Police arrested a man for displaying a poster of soldiers killing Jews at the annual march by local veterans of two SS divisions that made up the Latvian Legion during World War II.

The man was arrested on Friday morning on the margins of the annual march of the Remembrance Day of the Latvian Legionnaires — soldiers from the 15th Waffen Grenadier Division of the SS and the 19th Waffen Grenadier Division of the SS (the 1st and 2nd Latvian, respectively).

A handful of veterans, flanked by hundreds of supporters waving Latvian flags, gathered around Freedom Monument for the march under heavy police guard.

The march in Latvia is currently the only public event in Europe and beyond honouring those who fought under the banner of the SS, Nazi Germany’s elite security force.

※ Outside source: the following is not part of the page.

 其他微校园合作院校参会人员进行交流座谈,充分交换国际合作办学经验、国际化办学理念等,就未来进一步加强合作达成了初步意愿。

Occurring amid rising tensions with Russia, it is part of numerous expressions across Eastern Europe of admiration for those, including Holocaust perpetrators, who collaborated with Germany against the Soviet Union.

Several protesters from the Latvia Without Fascism group demonstrated against the event by carrying signs reading “They fought for Hitler” and “If they looked like Nazis, and acted like Nazis – they were Nazi.” None of those protesters was arrested.

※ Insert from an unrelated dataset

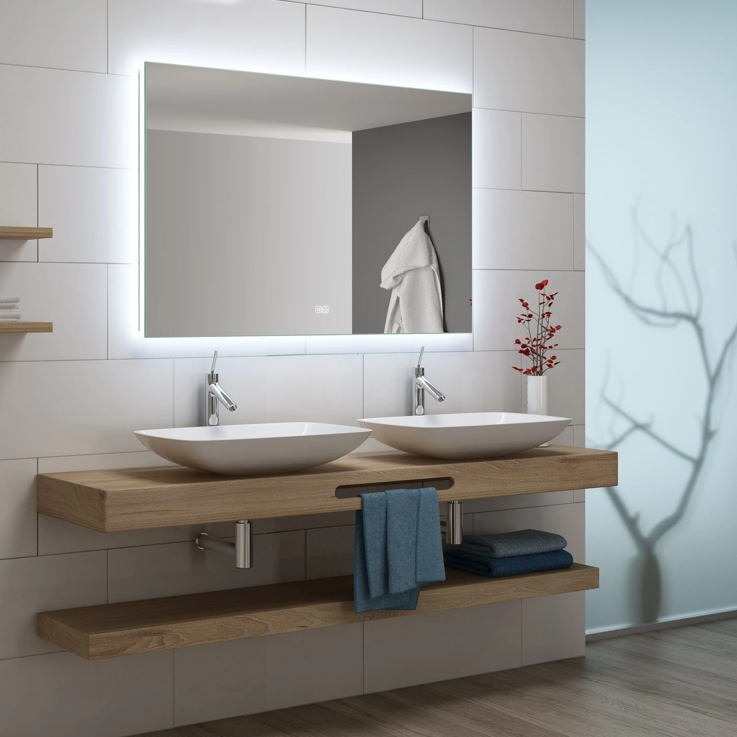 - LED-Backlight (Stimmungslicht) um den gesamten Spiegel

Police did not allow a counter protest by Latvia Without Fascism, a leader of that group, Joseph Koren, told JTA. Hundreds of police cordoned off the Freedom Monument as veterans, including some in uniform, sang patriotic songs and laid wreaths for their fallen comrades. Organisers of the event from several nationalist groups then drove the veterans to a cemetery where many of their comrades are buried.

“It’s a disgrace that this is happening in Europe,” Aleksejs Saripovs of the Latvia Without Fascism group told JTA. “The European Union needs to pressure Latvia into abandoning this shameful event, but so far there is total silence.”

German Nazis and collaborators led to the near annihilation of 70,000 Jews who had lived in Latvia before the Holocaust.